The Wind of Change

Kleines Weihnachtsquiz: Wer ist nochmal Klaus Meine? Ein Sänger – richtig. Er komponierte die Rockballade „Wind of Change“, die erfolgreichste deutsche Single. Dieser Wind des Wandels wurde nach dem Mauerfall zur Hymne der Wende.

Im Fußball kann sich der Wind noch schneller drehen.

Nehmen wir nur Julian Nagelsmann. Nach Blamagen von nationaler Tragweite gegen die Türkei und Österreich schien der neue Bundestrainer schon am Ende, ehe er richtig angefangen hatte. Doch dann brach er mit alten Bräuchen, entfachte mit mutigen Entscheidungen einen neuen Geist in der Nationalelf – und schon ist Nagelsmann der Mann des Jahres.

Oder doch Xabi Alonso?

Der Spanier schubste die Bayern nach elf Jahren vom Bundesliga-Thron und holte mit Bayer das Double, ohne ein einziges Spiel zu verlieren. Trotzdem landete sein Team bei der Wahl zum „Sportler des Jahres“ hinter den 3x3-Basketballerinnen nur auf Rang zwei – schon war Leverkusen wieder Vizekusen.

Auch an der „Queen of Darts“ ging der „Wind of Change“ nicht spurlos vorbei.
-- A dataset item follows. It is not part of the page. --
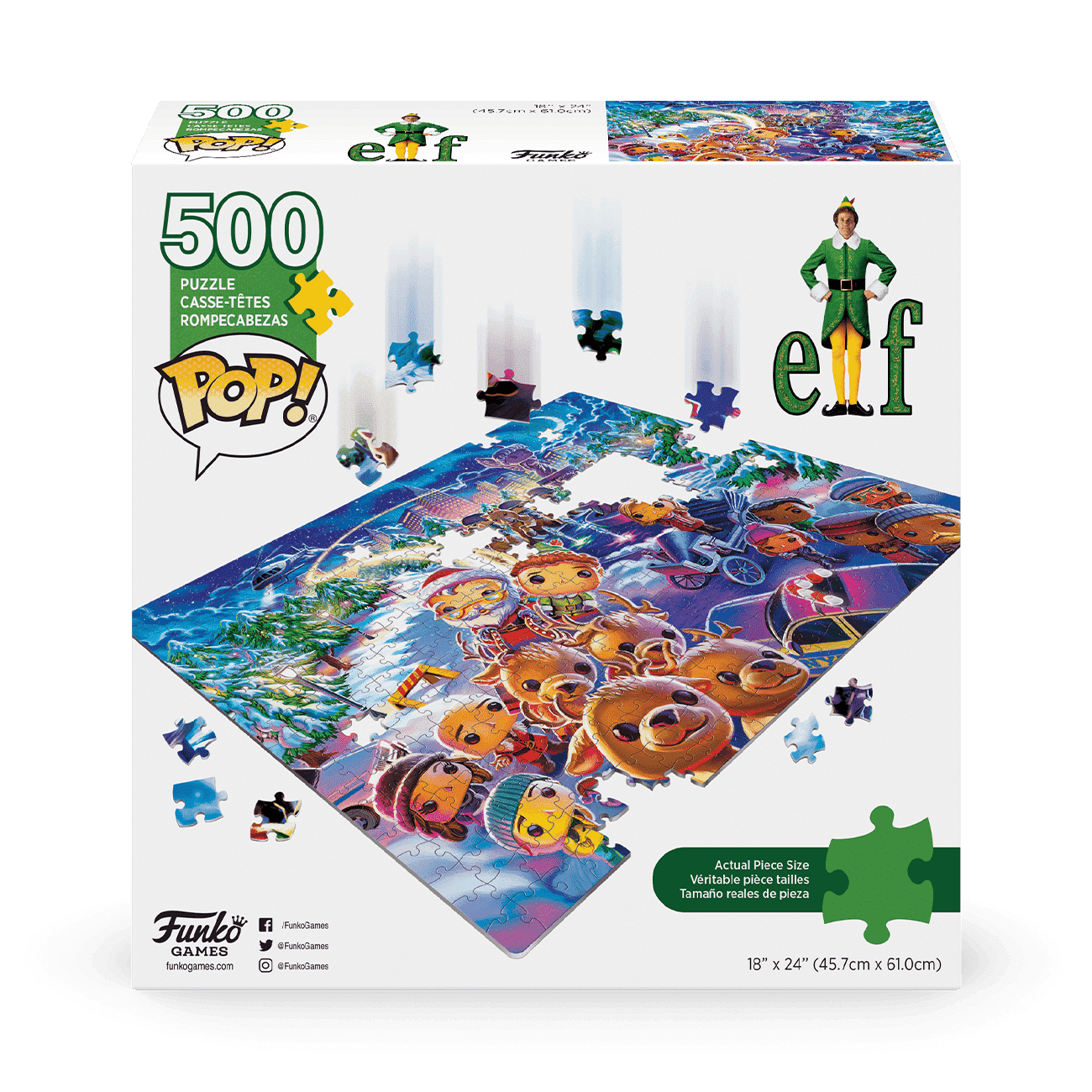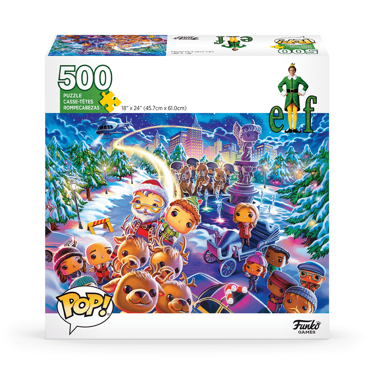 Pop! Puzzle – Elf Watch your favorite pop culture characters take shape as you piece together 500 pieces of fun! This 18” x 24” puzzle uses high-quality materials and vibrant Pop! styled artwork. It’s perfect puzzling for the whole family, featuring an original illustration inspired by the beloved holiday film Elf.

Fünf Jahre nach ihrem historischen Siegeszug durch die Männerwelt im Londoner AllyPally scheiterte Fallon Sherrock diese Woche sang- und klanglos in Runde eins der WM. Hauptthema war ihr Mondgesicht, das Anlass zur Sorge gibt. Denn das veränderte Aussehen der inzwischen 30-Jährigen ist einer Nierenerkrankung geschuldet, die sie an den Rand der Dialyse gebracht hat und ihre Karriere kosten könnte. Angesichts dessen wird ein Bulls­eye zur Randnotiz.
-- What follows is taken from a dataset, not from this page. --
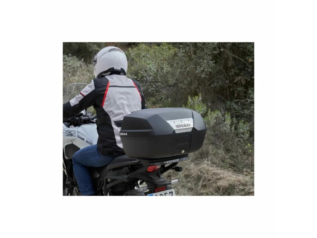 SH44 je vrchný kufor, do ktorého sa zmestia 2 integrálne prilby, ideálne pre motocykle a veľké skútre. Bezpečnosť zaisťuje „Double Locking System“, vďaka ktorému je kufor zamknutý k motocyklu a je zamknutý aj prístup do úložného priestoru. Hranatý tvar je inšpirovaný cestovnými kuframi a umožňuje prepraviť náklad s veľkým objemom. Kufor má špeciálne gumové tesnenie, ktoré zlepšuje utesnenie a chráni vniknutie vody a prachu. Ku kufru môžete vybrať aj príslušenstvo - chrbtová opierka, vnútorná taška a brzdové svetlo.Dodatočné parametre

Im verflixten zweiten Bundesliga-Jahr hat sich auch auf der Ostalb der Wind gedreht. Seit der 1. FC Heidenheim in die Conference League eingestiegen ist, gelang in der Liga kein Sieg mehr. In elf Spielen setzte es zehn Niederlagen. Das ist die schlechteste Phase, seit Frank Schmidt 2007 Trainer wurde. Er sieht aus, als hätte er Lebertran getrunken und sagt: „Das wurmt mich!“

Allein die Tatsache, dass es Lothar Matthäus als RTL-Experte am Donnerstag zum ersten Mal in seinem Leben nach Heidenheim verschlug, lockte ein Lächeln auf Schmidts Lippen. Schließlich schlief er als Junge in Bayern-Bettwäsche, und „Loddar“ war sein großes Vorbild.

Aber das reichte auch nur zu einem 1:1 gegen St. Gallen. Wodurch der FCH das Achtelfinale verpasste und sich mit den Playoffs bestrafte. Was den Abstiegskampf in der Liga mit zwei zusätzlichen Spielen im Februar garniert.

In Freiburg ging die maximal denkbare Veränderung völlig lautlos über die Bühne. Unglaublich, aber wahr: Ein halbes Jahr nach seinem Rücktritt ist Christian Streich kein Medienthema mehr. Sein Nachfolger erwischte einen optimalen Start im Derby gegen Stuttgart. „Danach konnte ich gleich viele Fragezeichen streichen“, sagt Julian Schuster und muss selbst lachen über das ungewollte Wortspiel. Sein Erfolgsrezept ist ziemlich simpel: Er hat einfach so weitergemacht.

Eine krasse Kehrtwende dagegen deutet sich bei Wladimir Klitschko an. Kaum zu glauben, aber womöglich wahr: Selbst der promovierte Sportwissenschaftler liebäugelt mit 48, sich den unsäglichen Comebacks anzuschließen, die den maroden Boxsport beleben sollen. „Ich bin bereit“, zitiert ihn die Münchner „AZ“. Dahinter steckt der saudische Strippenzieher Turki Al-Sheikh.

Wieviel der auch immer auf den Tisch blättern sollte, die Kriegskasse der Ukraine lässt sich damit nicht entscheidend aufbessern. Und falls Klitschko verliert, würde er der Moral seines strapazierten Landes einen Bärendienst erweisen.